The Greasy Strangler (2016)

First published in Sight & Sound, October 2016

Review: “You’re such a gross-out, dad. I think I might barf,” says manchild Big Brayden (Sky Elobar) in the opening sequence of The Greasy Strangler. Sporting nothing more than thick-rimmed glasses, a desperate combover and underpants, Brayden has just heard his similarly near-naked father, the sly, silver-haired Big Ronnie (Michael St Michaels, The Video Dead, 1987), wondering aloud why people do not put grease instead of milk in their coffee. In the dilapidated home that they share, father-son tensions are evident. “You probably think I’m the Greasy Strangler,” confides Ronnie. “Tell you a secret: I am the Greasy Strangler.”

Despite Ronnie’s all-out obsession with oily fat, his war on dry food and his declared desire to “lubricate the world”, Brayden prefers, at least at first, to think of his father as a “bullshit artist” than as the mysterious, grease-covered figure who has been gruesomely murdering people at night. The phrase “bullshit artist” becomes a recurrent motif in the film, directed mostly at Ronnie but also at Brayden. Sure enough, Ronnie is prone to fabrication, whether in the information he dishes out on the disco walking tours of LA that he and Brayden conduct together, or in the name-dropping narratives that he tells about his past. Yet from early on we know two things: that lecherous, cranky Ronnie really is the Greasy Strangler, taking bestial vengeance upon all who mildly annoy him; and that barf-inducing excess is very much on the agenda.

In a film which uses a barebones slasher format to frame its Oedipal psychodrama, crude, appetitive, flatulent Ronnie plays the rampaging id to Brayden’s restrained ego. While the virginal son sweetly romances the more experienced Janet (Elizabeth De Razzo), his sidelined father goes a-killing – yet when Brayden’s (prosthetic) micropenis risks being inadequate for Janet, Ronnie dives in with his grotesquely outsized member (that “looks like a massive mouse’s head”) and takes over. A bizarre, possibly schizophrenic love triangle emerges, but ultimately there can only be two in this relationship, and Brayden finds himself torn between Janet, Ronnie and his own inner Greasy Strangler.
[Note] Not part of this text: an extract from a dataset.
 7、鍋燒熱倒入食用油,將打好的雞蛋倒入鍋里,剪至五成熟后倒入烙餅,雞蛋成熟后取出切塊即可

Director/co-writer Jim Hosking revels in offering a skew-whiff view of the strange world that his even stranger characters inhabit – conjured from the secondary smoke of Russ Meyer, John Waters and even Alejandro Jodorowsky (at his most Freudian). In this priapic parade of wrongness, littered with gross-out gags and outré transgressions, urges are base, lines are jaw-dropping and all the lowest tastes are eventually catered – while Andrew Hung’s Eighties-aping synth score provides the perfect cheesy accompaniment to Ronnie’s love of ‘creamy cocktails’. Yet beneath the surreal stylisation remains a rich story of a divided self. For as abused, ‘manic-depressive’ Brayden belatedly comes of age by adopting his questionable legacy and finally, fully becoming his father’s son, The Greasy Strangler proves to be a patriarchal Psycho (1960) by way of Fight Club (1999), with more than a touch of post-Troma-tic unhingedness.
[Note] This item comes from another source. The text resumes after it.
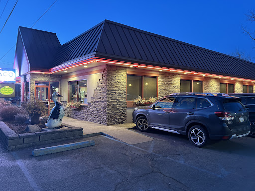 The decor and seating is booths much like a diner. But my artist partner says the murals and other artwork are all...

Synopsis: Los Angeles. Virginal manchild Brayden still lives with his father Ronnie, decades after his mother left with abusive bodybuilder Rick Prickles. On the disco tour that he runs with Ronnie, Brayden meets Janet, and they start dating. By nights, Ronnie covers himself in grease and becomes the Greasy Strangler, murdering those who annoy him – first some tourists, then a hot dog vendor – before cleaning the grease off himself at the car wash owned by his blind friend Paul. After Ronnie also murders Brayden’s best friend Oinker, Brayden tells Janet that he will investigate, expose and kill the Greasy Strangler himself. Brayden suspects that Ronnie is the Greasy Strangler. After a night out dancing with Paul, Ronnie intercepts Janet and enjoys a ‘sensual’ night with her. The next morning, Ronnie tells a crestfallen Brayden that he is now officially dating Janet. Janet is torn. As the Greasy Strangler, Ronnie kills Paul. Brayden contacts a detective, Jody, and shows him grease found in Ronnie’s room. Jody (in fact Ronnie in disguise) tells Brayden to ‘end all enquiries’, but Brayden is determined to expose the Greasy Strangler. Janet offers to help, and agrees to marry Brayden. Enraged, Ronnie evicts Brayden, storms off, and returns as the Greasy Strangler, abducting Janet. “I can be the Greasy Strangler too,” declares Brayden, covering himself in his father’s grease – and then helping Ronnie strangle Janet. Reconciled, father and son kill Rick Prickles, imagine their own firing-squad execution, and frolic together in the wilderness.